На последнем курсе он с немалым удивлением обнаружил, что не совсем безразличен сокурсникам. Оказалось, что его почитали фигурой довольно романтической, этаким столпом эрудированности, помесью затворника и книгочея. Это, в общем-то, изумило, но, втайне, и порадовало — он начал появляться в обществе, сначала понемногу, потом все больше. Участвовал во всех рождественских пудингах. Он пил — не афишируя особо, но и не отставая от других. О нем стали говорить, что если б он не поступил в университет так рано, то «мог бы закончить курс с отличием». В 1909 году, когда он закончил Гарвард, ему было всего двадцать лет.

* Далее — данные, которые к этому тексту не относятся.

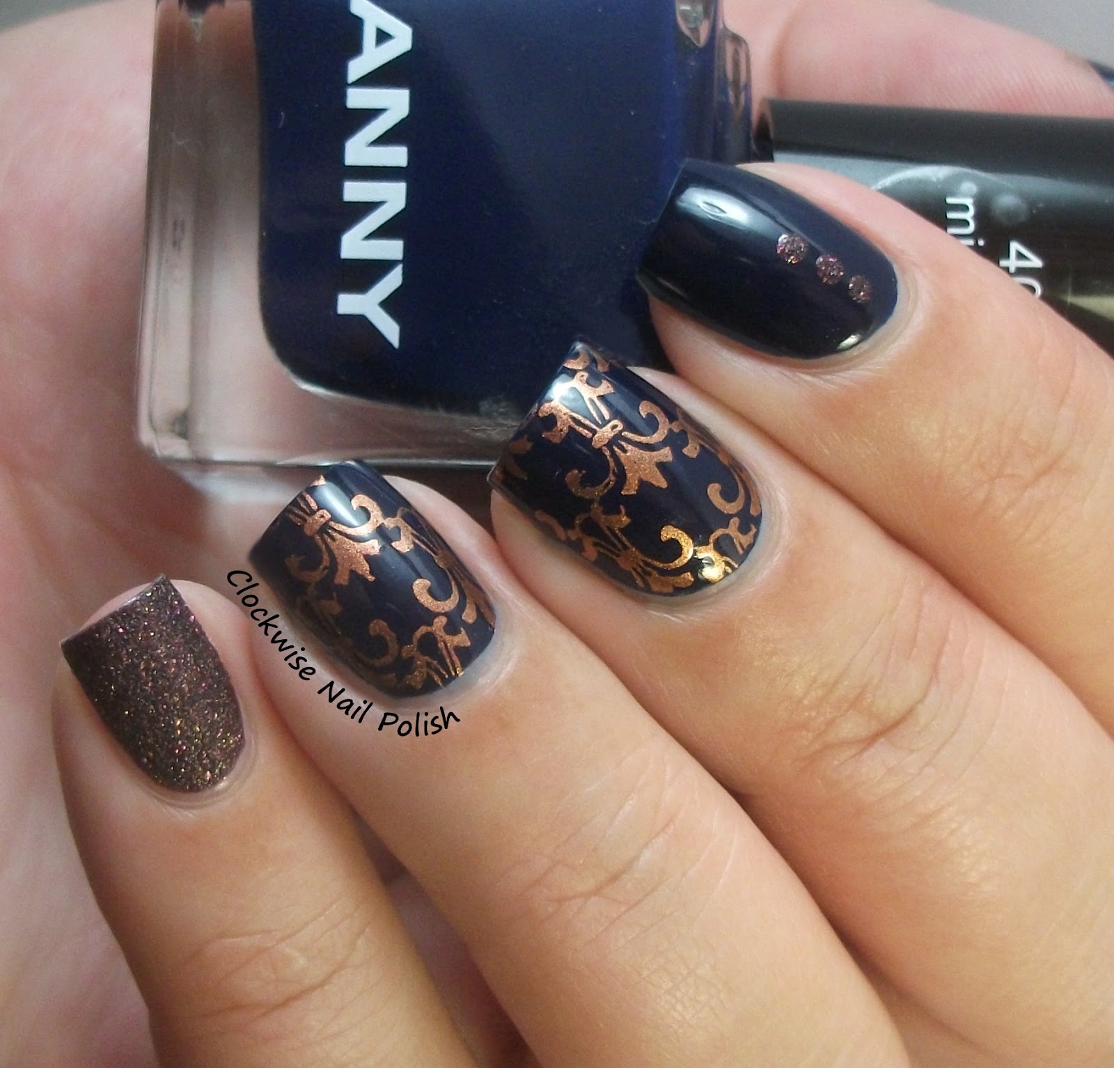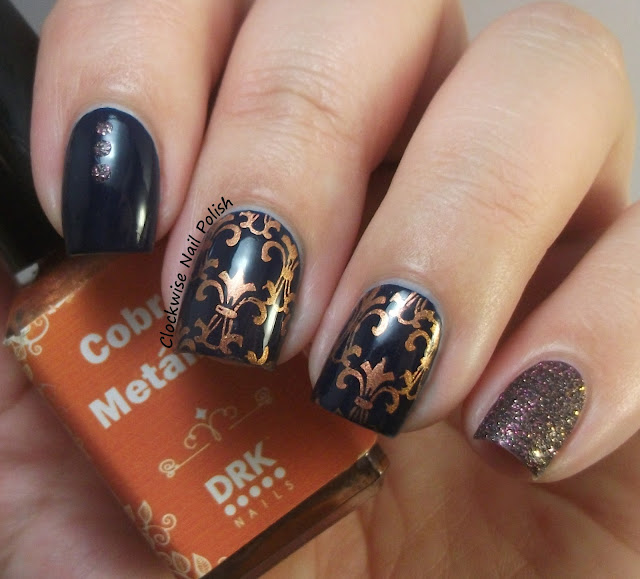 Fiz uma nail art mix n match com o Miss Perfect. Basicamente fiz dois adesivos de carimbo feitos a partir da placa Apipila Super Placa C e carimbado com o verniz MdU Peach. Depois apliquei-os sobre o verniz piCture pOlish Cherish :)

Потом опять была заграница — на этот раз Рим, где он поочередно флиртовал с живописью и архитектурой, брал уроки игры на скрипке и написал несколько ужасных итальянских сонетов, призванных явить собой рассуждения средневекового монаха о радостях созерцательной жизни. Весть о том, что он в Риме, распространилась среди его приятелей по Гарварду, и те из них, кто оказался в том году в Европе, охотно заезжали к нему, и в частых прогулках лунными ночами многое открывали для себя в этом городе, который был старше не только Возрождения, но и вообще самой идеи республики. Мори Нобл из Филадельфии, например, гостил целых два месяца; они вместе постигали своеобразное очарование итальянок и обретали восхитительное чувство быть юными и свободными среди культуры, которая была свободна уже тысячи лет. Нередко его навещали знакомые деда, и, возымей Энтони желание, он вполне мог бы стать «persona grata» в дипломатических кругах — и хотя он сам начинал понимать, что праздник жизни все больше нравится ему, от юношеской привычки к затворничеству и явившейся следствием этого застенчивости не так-то легко было избавиться.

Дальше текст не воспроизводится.